The court also considered whether a statement qualified as an excited utterance when it was made at least one hour and forty-five minutes after witnessing a murder.  The court concluded that a four-year-old's out of court statement was admissible as an excited utterance because it was made without "the impetus of reflection."  The evidence showed that the four-year-old witnessed a murder, was driven from Washington, DC to Baltimore in silence by the appellant, the alleged murderer, and made the out of court statement to the first person he trusted.  Under these circumstances, the court held that the statement qualified as an excited utterance.  

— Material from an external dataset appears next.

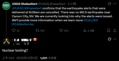美国地质调查局(USGS)稍早称,美国内华达州北部于当地时间4日上午传出发生规模5.9地震,但随后USGS又取消该次警报,引发网友热议。(图撷自X) 美国地质调查局(USGS)稍早称,美...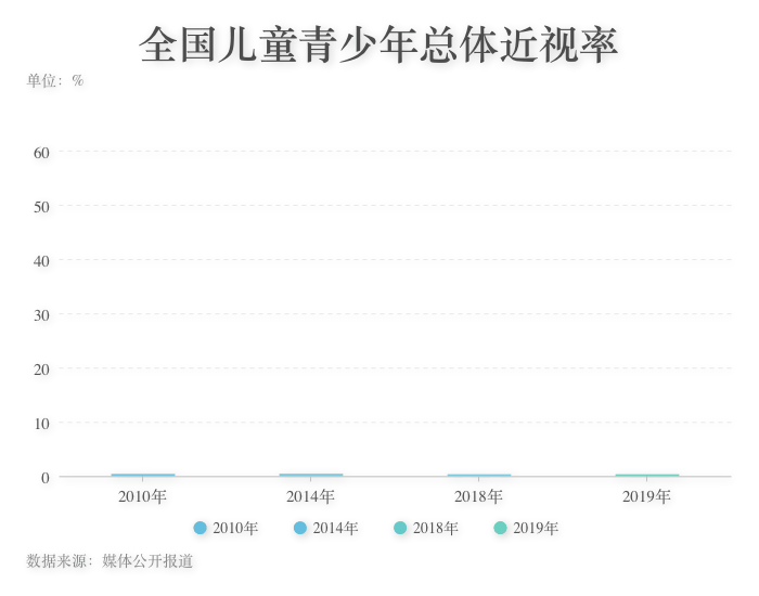 ????? 其中以2018年的調查統(tǒng)計為例,6歲兒童近視率為14.5%,小學生近視率為36.0%,初中生近視率為71.6%,高中生為近視率達81.0%。兒童和青少年近視已成為中國視力損傷的主要原因。

COURT REJECTS "CONTEXTUAL IMPLICATION" DOCTRINE

Matthews v. United States, No. 08-CF-1467.  Decided February 24, 2011.


A co-defendant's out of court statement was admissible against a co-defendant because it did not implicate the latter.  The District of Columbia Court of Appeals cited Richardson v. United States, 481 U.S. 200 (1987), and "rejected the 'contextual implication' doctrine" in response to the appellant's contention that the out of court statement implied his guilt.  The statement did not include the appellant's name nor was any reference made.  Therefore, the court held that the statement was properly admitted.

Wednesday, April 13, 2011

STRUCTURAL ERROR IS NOT AUTOMATIC PLAIN ERROR

Barrows v. United States, No. 08-CM-740.  Decided February 24, 2011.

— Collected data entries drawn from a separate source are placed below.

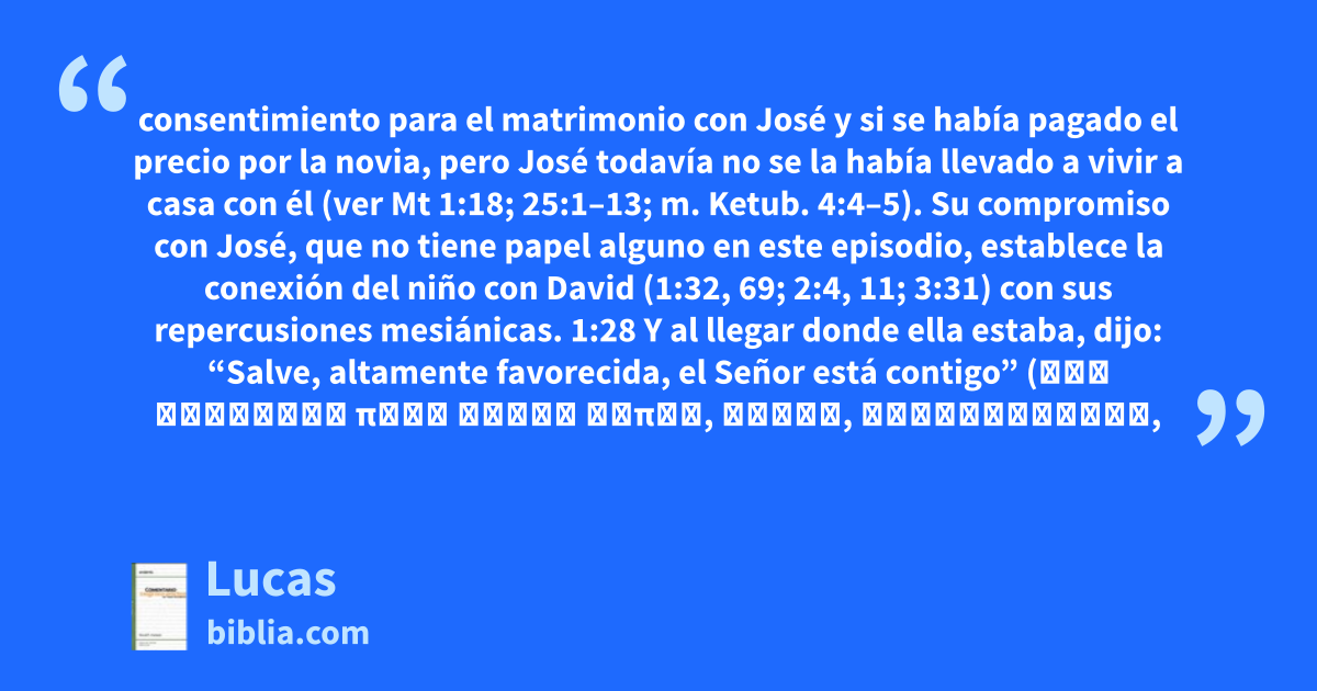 consentimiento para el matrimonio con José y si se había pagado el precio por la novia, pero José todavía no se la había llevado a vivir a casa con él (ver Mt 1:18; 25:1–13; m. Ketub. 4:4–5). Su compromiso con José, que no tiene papel alguno en este episodio, establece la conexión del niño con David (1:32, 69; 2:4, 11; 3:31) con sus repercusiones mesiánicas. 1:28 Y al llegar donde ella estaba, dijo: “Salve, altamente favorecida, el Señor está contigo” (καὶ εἰσελθὼν πρὸς αὐτὴν εἶπεν, Χαῖρε, κεχαριτωμένη,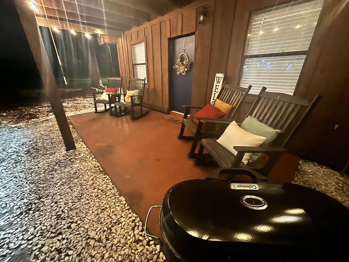 Beautiful, cozy cabin on Gantt Lake, AL. It has a queen bed in the master bedroom and one in the loft, along with a rollaway bed already set up. Two additional rollaway beds are located in the attic. There is no pullout sofa. 1.5 bathrooms, washer, dryer, and a fully operational kitchen. Two delightful electric heaters create a charming ambiance all year round. The cabin has a fenced in yard, gated covered porch, and a great boathouse.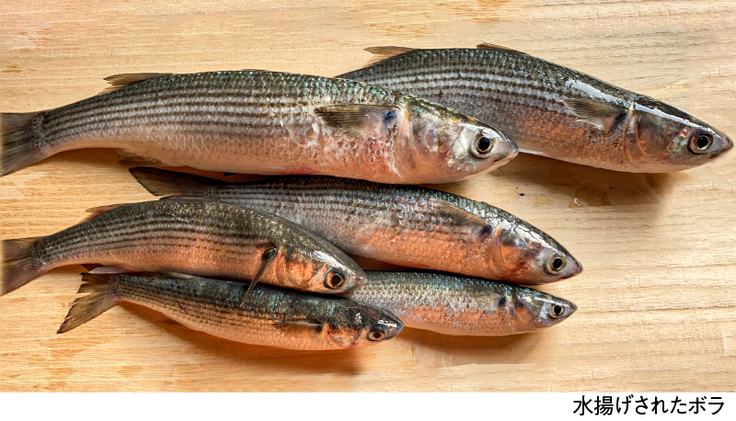 原料となるボラの漁獲量と、それを加工したカラスミの生産量には大きな差が生じます。これはメスの卵のみが原料となるため、漁獲量の約90%を占めるオスを除いた10%のメスの内、卵の有無、卵のサイズ、さらには手間ひまのかかる加工によるロスなどで、その半分以上が商品として販売することはできず、最終的に商品としてカラスミになるのは漁獲量全体の僅か3~4%と言われています。つまり、100匹獲れたとしても4本しかカラスミが作れないということです。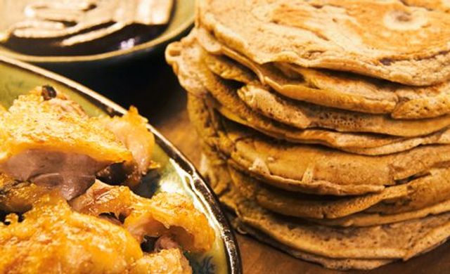 4 Entenkeulen, 2 EL Reiswein, 6 EL Maltose (Malzzucker), Fett zum Ausbacken; 1 Gurke, in Streifen geschnitten, 4 Frühlingszwiebeln, in feine Streifen geschnitten, 200 ml Hoisin-Sauce oder Peking Duck Sauce von Lee Kum Kee Pfannkuchen 4 Eier, 350 ml Milch, 2 EL Ahornsirup, 300 g glutenfreies Mehl, 2 EL Five-Spice-Pulver, 1 TL Backpulver, 1 EL Salz, etwas Butter

In a case of first impression to decide whether structural error will "invariably" meet the fourth prong of the plain error test, i.e., a decision that "seriously affect[ed] the fairness, integrity or public reputation . . . of judicial proceedings," the District of Columbia Court of Appeals reviewed the trial court's erroneous decision to close a courtroom during voir dire.  The court found that the trial court's brief closure of the courtroom was not plain error and rejected the appeal.  

DEFENSE CANNOT RELY ON PROSECUTOR OPENING STATEMENT

Evans v. United States,  No. 07-CF-1036.  Decided January 20, 2011.

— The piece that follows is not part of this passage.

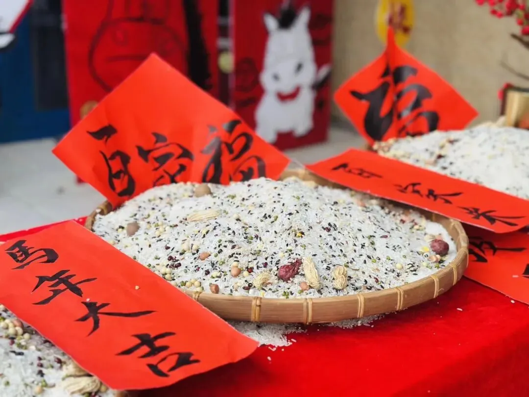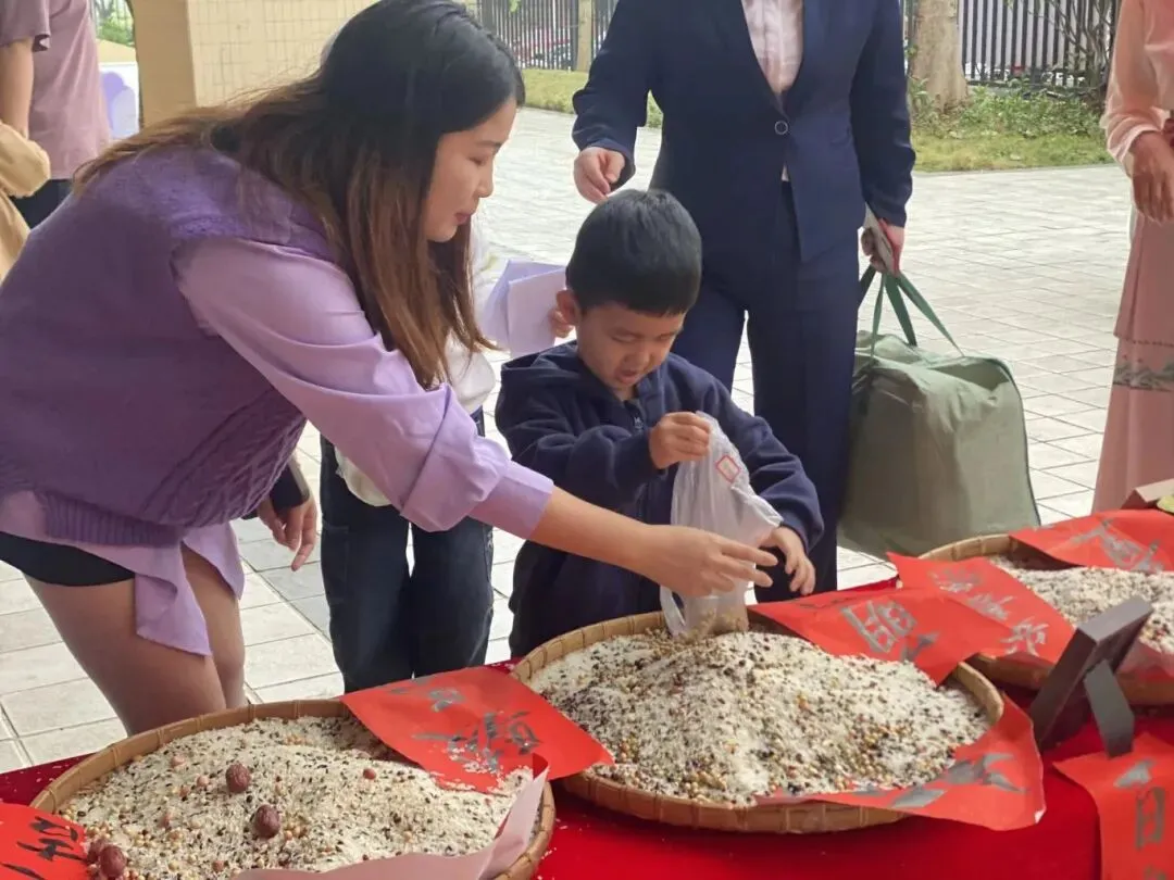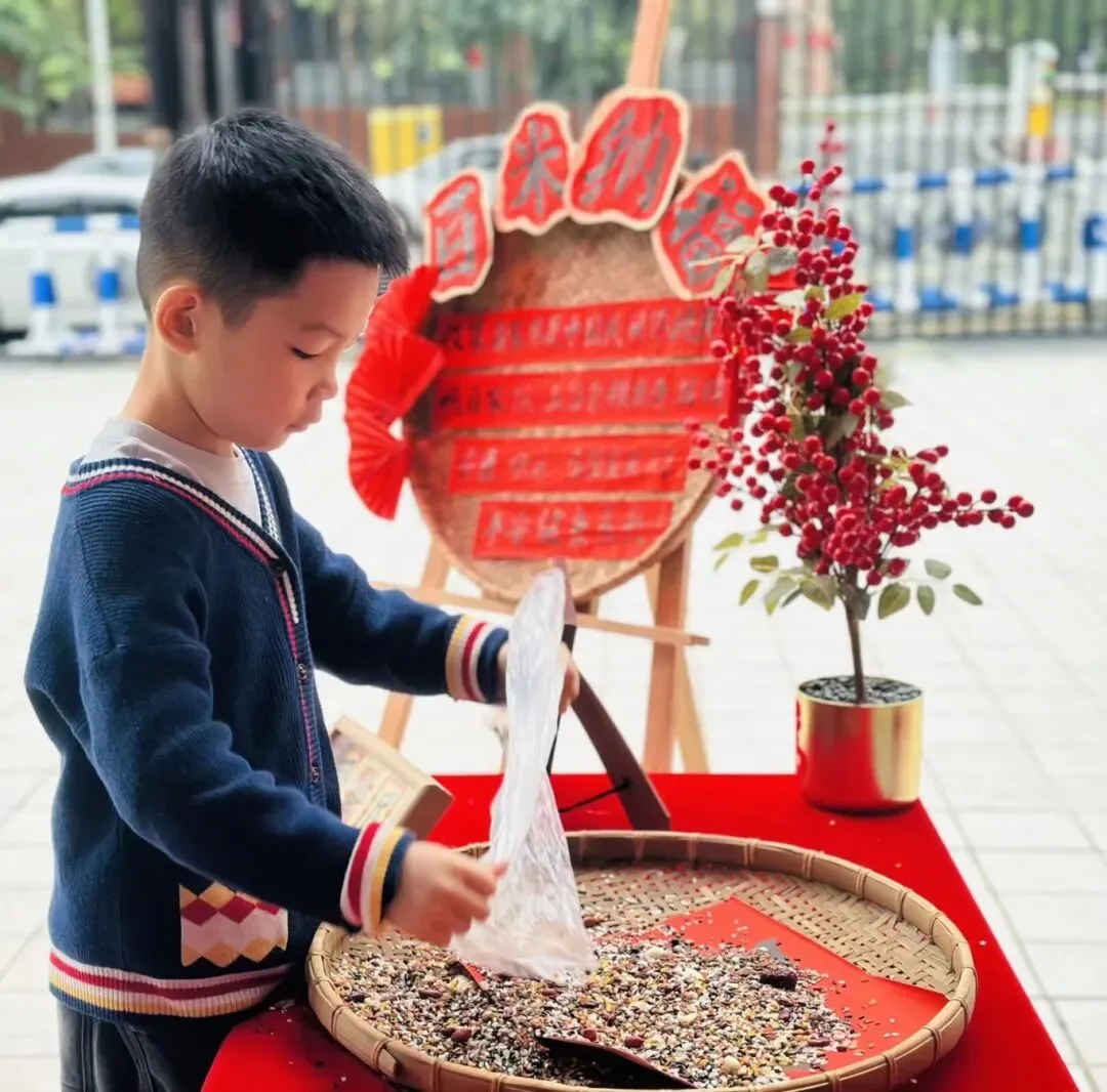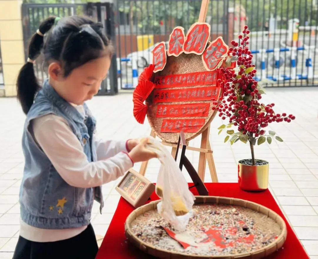 集百家米起源于宋朝,当小孩满周岁时,大人都会抱着小孩到各家各户收集百家米,然后将米带回煮成稀饭,让孩子吃下,这样孩子就会受到百家庇护,消灾祛病、保佑安康。集百家米熬粥,也是此寓意。此活动让幼儿充分了解中国传统的民俗,感受传统文化的魅力。

The District of Columbia Court Appeals distinguished a prosecutor's opening statement from pre-trial statements because the latter has a greater impact on defense strategy and stressed that opening statements are only a "roadmap."  In this case, the defense argued that the prosecutor's opening statement regarding the defendant's false exculpatory statement induced the defense to promise the jury in its opening that it would present specific exculpatory evidence.  However, the court found no "substantial prejudice" and the defense was not "entitled to rely" on a prosecutor's opening statement as a basis to promise evidence during the defense presentation of evidence.

Wednesday, March 23, 2011

HELLER DECISION APPLIED RETROACTIVELY TO GUILTY PLEA


Magnus v. United States, Nos. 09-CO-1312 & 10-CO-245.  Decided January 6, 2011.
The District of Columbia Court of Appeals recently applied the Heller decision, finding D.C. handgun ban in a private home violates the Second Amendment, retroactively to a guilty plea because the plea was not made intelligently.  The Court held that a guilty plea is invalid when a “subsequent court ruling” makes the charged offense “constitutionally protected.”   

Monday, March 21, 2011

FAILURE TO DISCLOSE METRO BUS VIDEO NOT A DISCOVERY VIOLATION


Myers v. United States, No. 08-CM-1560.  Decided February 24, 2011

The District of Columbia Court of Appeals recently affirmed a conviction despite the government’s failure to disclose a video taken on a Metro bus showing an alleged assault.  The Court decided that the Washington Metropolitan Transit Authority was not part of the “prosecution” team although they possessed a video of an alleged assault aboard a Metro bus and that WMATA acted in a proprietary manner.  The video taping was not a governmental function; therefore, the Court found no discovery violation.